ShenZhen ZhengKang Technology Co., Ltd. % Iris Wang Consultant Shenzhen Joyantech Consulting Co., Ltd. 1713A, Block A, Zhongguan Times Square, Liuxian Avenue, Xili Town Shenzhen, Guangdong 518000 China

Re: K203707

Trade/Device Name: Infrared Forehead Thermometer, Model JZK-601, JZK-602, JZK-603 Regulation Number: 21 CFR 880.2910 Regulation Name: Clinical electronic thermometer Regulatory Class: Class II Product Code: FLL Dated: December 8, 2020 Received: December 18, 2020

Dear Iris Wang:

We have reviewed your Section 510(k) premarket notification of intent to market the device referenced above and have determined the device is substantially equivalent (for the indications for use stated in the enclosure) to legally marketed predicate devices marketed in interstate commerce prior to May 28, 1976, the enactment date of the Medical Device Amendments, or to devices that have been reclassified in accordance with the provisions of the Federal Food, Drug, and Cosmetic Act (Act) that do not require approval of a premarket approval application (PMA). You may, therefore, market the device, subject to the general controls provisions of the Act. Although this letter refers to your product as a device, please be aware that some cleared products may instead be combination products. The 510(k) Premarket Notification Database located at https://www.accessdata.fda.gov/scripts/cdrh/cfdocs/cfpmn/pmn.cfm identifies combination product submissions. The general controls provisions of the Act include requirements for annual registration, listing of devices, good manufacturing practice, labeling, and prohibitions against misbranding and adulteration. Please note: CDRH does not evaluate information related to contract liability warranties.
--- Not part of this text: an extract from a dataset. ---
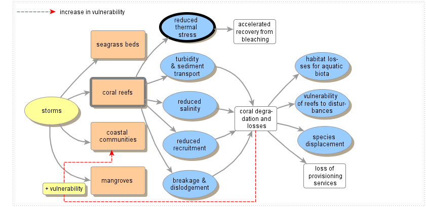 This is actually a positive impact. At broad spatial scales, tropical cyclones can induce cooling of the upper ocean (SST drops up to 6°C) which can persist for weeks and thus reduce thermal stress and accelerate the recovery of bleached corals due to sea-surface temperature (SST) warming). From an analysis of a global dataset (1985-2009) related to tropical cyclones (TC), significant correlations were found between TC activity and the severity of thermal stress at various spatial scales, particularly for Caribbean reefs. From this, it is apparent that TCs play a role in bleaching dynamics at a global scale. During years of high thermal stress and frequent TCs, thermal stress at reef areas was generally low when TC activity was high. However, the prevalence and distribution of this interaction varies by region and requires further examination at finer spatial and temporal scales using actual SST data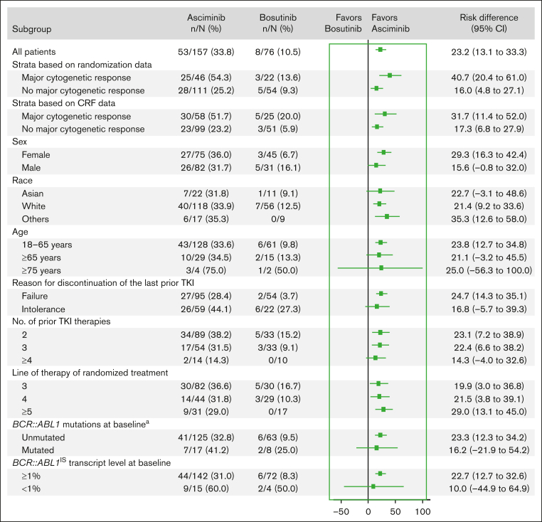 Conflict-of-interest disclosure: A.H. received institutional research support from Novartis, Bristol Myers Squibb, Incyte, and Pfizer; and personal fees from Novartis and Incyte. D.R. received personal fees from Novartis, Pfizer, and Incyte. C.B. received grants from Novartis during the conduct of the study. Y.M. received honoraria from Bristol Myers Squibb, Novartis, Pfizer, and Astellas. J.E.C. received grants and consulting fees from Novartis and Pfizer; and grants from Bristol Myers Squibb. T.P.H. received grants and honoraria for serving on advisory boards and for symposia from Novartis and grants from Bristol Myers Squibb. J.F.A. received honoraria from Incyte and Paladin; received research funding from Incyte; received honoraria for lecturing from Novartis, Pfizer, and R-Pharm; and is an National Institute for Health and Care Research (NIHR) emeritus senior investigator and acknowledges the support of the Imperial NIHR Biomedical Research Centre. E.L. received grants from Novartis; and personal fees and nonfinancial support from Novartis, Pfizer, and Bristol Myers Squibb. S.V. received personal fees from Novartis, AbbVie, Janssen, Sanofi, BIOCAD, Takeda, and AstraZeneca; and nonfinancial support from Pfizer, Novartis, AbbVie, Janssen, Sanofi, and BIOCAD. D.-W.K. received grants from Novartis, Bristol Myers Squibb, Pfizer, ILYANG, and Takeda. A.A. received honoraria from Novartis and Takeda. P.l.C. received speaker’s honoraria from Novartis, Incyte, Pfizer, and Bristol Myers Squibb. K.S. received research funding and honoraria for serving on advisory boards from Novartis. D.D.H.K. received grants, honoraria, and consulting fees from Novartis; grants from Bristol Myers Squibb; and honoraria from Pfizer and Paladin. S.S. received honoraria, grants, and personal fees from Novartis; and grants and personal fees from Bristol Myers Squibb and Incyte. L.C. received honoraria for advisory boards from Otsuka and Novartis; consultancy fees from Keros Therapeutics; and honoraria from Otsuka, Novartis, and Keros Therapeutics. V.G.-G. received grants, nonfinancial support, and honoraria from Novartis, Pfizer, Bristol Myers Squibb, and Incyte. S.K., N.E., and V.D. report being employees of Novartis. M.J.M. reports receiving personal fees from Bristol Myers Squibb, Takeda, and Pfizer. The remaining authors declare no competing financial interests.

We remind you, however, that device labeling must be truthful and not misleading.

If your device is classified (see above) into either class II (Special Controls) or class III (PMA), it may be subject to additional controls. Existing major regulations affecting your device can be found in the Code of Federal Regulations, Title 21, Parts 800 to 898. In addition, FDA may publish further announcements concerning your device in the Federal Register.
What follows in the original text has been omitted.